Friday, May 29, 2015

Fifth Circuit Denies Stay in Texas's DAPA Challenge

The Fifth Circuit this week denied the government's motion for a stay of Judge Hanen's nationwide injunction against the government's deferred action program for parents of Americans and lawful permanent residents, or DAPA. The denial is not a final ruling on the merits (the court wrote that "we do not decide whether the Secretary has the authority to implement DAPA" at this "early stage of the case"); it says only that Texas's challenge to the program is sufficiently likely to succeed to withstand the government's motion for a stay. Still, the ruling presages the likely result on the merits and makes the case look even more likely to end up at the Supreme Court.

We last posted on the case here.

The court addressed two issues: Texas's standing to challenge DAPA, and the state's claim that DHS violated the Administrative Procedures Act in failing to use notice-and-comment rulemaking before implementing DAPA.

The court held that Texas had standing, because it'll cost the state some $130 under state law to subsidize each driver license for each DAPA beneficiary. The government argued that Texas could avoid the economic injury by changing its license-fee structure, and that in any event the many economic benefits of the DAPA program would offset the costs for the state.

The court rejected the former argument, saying that the "forced choice" itself is an injury:

The flaw in the government's reasoning is that Texas's forced choice between incurring costs and changing its fee structure is itself an injury: A plaintiff suffers an injury even if it can avoid that injury by incurring other costs. And being pressured to change state law constitutes an injury.

The court rejected the latter argument, saying that the economic offsets are of a different type--and that the injury therefore still stands, notwithstanding any economic benefits that the program may bring to the state.

Because the court said that Texas had standing based on its economic harm, it did not rule on Texas's claim that it had standing based on the district court's "abdication theory" (that Texas had standing because the federal government "abdicated" its "responsibility" to enforce the law in an area where it has exclusive authority).

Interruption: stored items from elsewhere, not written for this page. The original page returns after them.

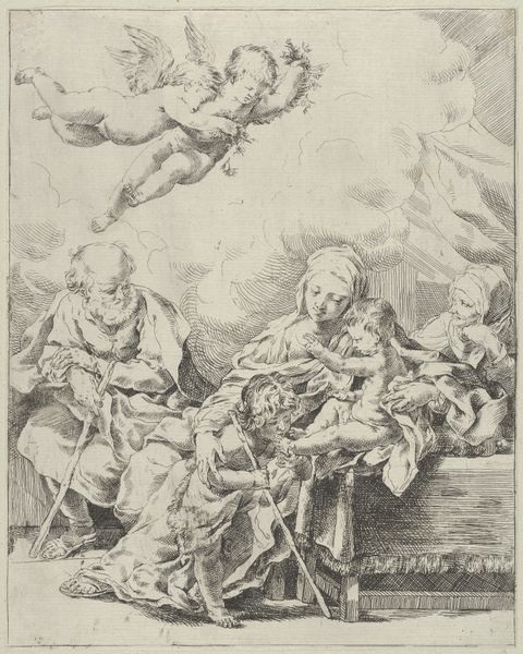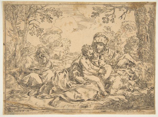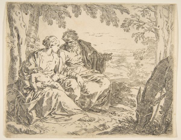 Simone Cantarini created this etching, "The Holy Family Resting on Their Flight into Egypt," now at the Metropolitan Museum of Art. A dominant use of line defines the scene, creating a texture that's both detailed and delicate. Note how Cantarini uses the density and direction of the lines to model forms and create shadow. This technique infuses the scene with a sense of depth. The composition, grouping figures closely together in the foreground, draws our eye to the intimate moment of rest during their journey. The angel plucking dates from the palm tree both protects them and provides sustenance. Cantarini uses the formal structure to convey deeper meanings. The lines create a visual framework that invites contemplation of themes like divine protection and the human experience of the Holy Family. The very materiality of the etching, with its stark contrast of light and shadow, serves to highlight the spiritual weight of the scene.
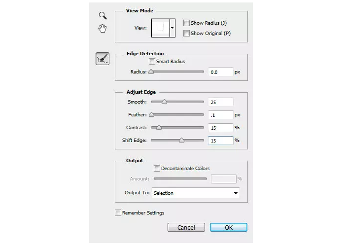 这些设置将对选区进行调整,你也可以根据自己的图片进行设置,看看它们改变后到底会引起什么变化。
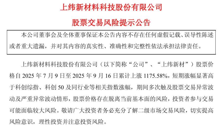 就在控股股东、实控人变更公告披露前几日,上纬新材还曾发布股票交易风险提示,称该公司7月9日至9月16日股价累计上涨1175.58%,多次触及股票交易异常波动情形,而这背后,是二级市场对具身智能机器人概念的追捧。
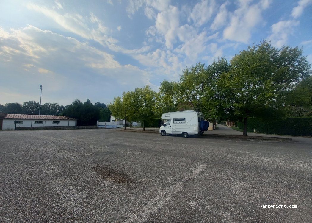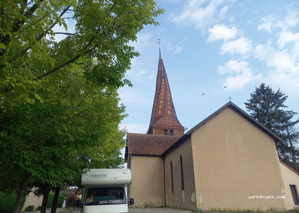 Aparcamiento gratuito entre la hermosa iglesia (techo decorado característico) y las instalaciones deportivas. Bastante plano. Las campanas suenan y el tren se oye a lo lejos, pero los ruidos de la calle son ahogados. Esta noche éramos solo nosotros.
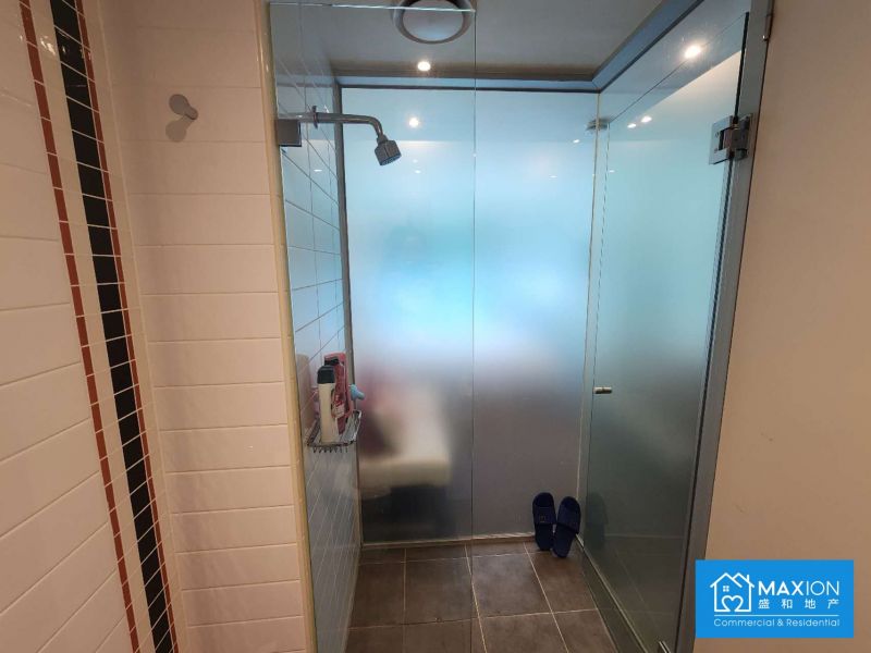 Bathroom: A modern walk-in shower with floor-to-ceiling tiles and frosted glass.
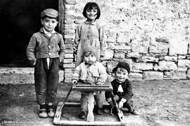 Una caratteristica particolare di questa foto, è il girello di legno che serviva per lasciar libero di muoversi un bambino non ancora in grado di muoversi in autonomia.
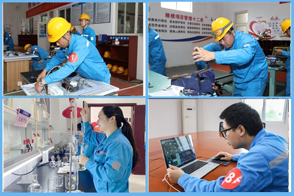 在鉗工、電工、化學(xué)分析工、礦山工程機(jī)械維修工、水泥操作工等比賽現(xiàn)場(chǎng),各參賽選手均全神貫注、目不交睫地完成著自己的項(xiàng)目,向觀摩嘉賓們展現(xiàn)出“海螺工匠”們的專(zhuān)業(yè)與專(zhuān)注。
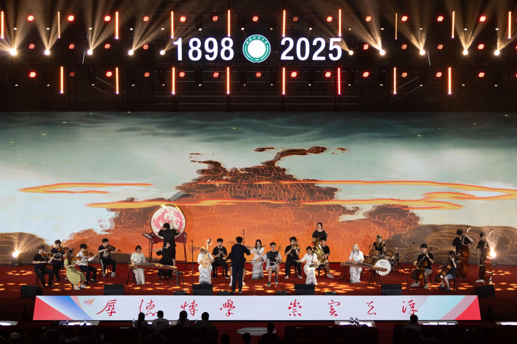 器樂演奏《云宮迅音(黑神話悟空)》讓經典旋律在中西樂器的音色碰撞中煥發全新魅力。節目融合了弦樂器、管樂器、打擊樂器等十余種樂器,經歷了長達八個月的精心籌備與排練打磨。節目負責人王泊驍說:“希望借此節目鼓勵畢業生們在低谷絕境時,能高舉手中金箍棒,放馬西行、直面天命,取得人生真經。”
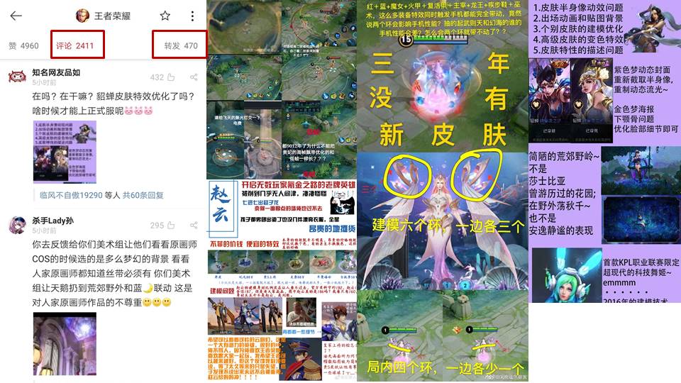但在不断推出新玩法和新皮肤的同时,要注重优化玩家的游戏体验,包括游戏匹配机制、英雄皮肤特效和建模问题、英雄技能削弱的体验问题等。比起MOBA端游的dota2和lol玩家,王者荣耀的玩家群体的女性比例更高,游戏付费意愿更高,他们享受更注重游戏美术上的细节,在“王者荣耀”官方微博的评论底下有大量玩家群体的意见反馈:

The court said that Texas easily falls within the zone of interests of the INA, because "Congress permits states to deny many benefits to illegal aliens," and "the states seek only to be heard in the formulation of immigration policy before [the government] imposes substantial costs on them." The court also said that the INA doesn't bar judicial review.

The court held that DAPA amounts to "nonenforcement" of the INA, because it is the "affirmative act of conferring 'lawful presence' [quoting Johnson's memo] on a class of unlawfully present aliens." "[T]hat new designation triggers eligibility for federal and state benefits that would not otherwise be available."

On the merits, the court held that DAPA is not a mere policy statement (as the government argued), but rather is a "substantive" rule that requires notice and comment under the APA. According to the court, that's because DAPA doesn't really offer enforcement discretion, and it's more than internal procedural guidance (it's substantive, according to the court).

As to the nationwide injunction, the court only said that anything short of a nationwide ban would result in a "patchwork system" that would detract from the uniformity that Congress sought in the INA.

Judge Higginson dissented. He argued that "Supreme Court and Fifth Circuit caselaw forecloses plaintiffs' arguments challenging in court this internal executive enforcement guideline," and that "DHS is adhering to the law, not derogating from it." He argued that DAPA amounts to discretionary enforcement guidelines that aren't subject to notice-and-comment rulemaking under the APA.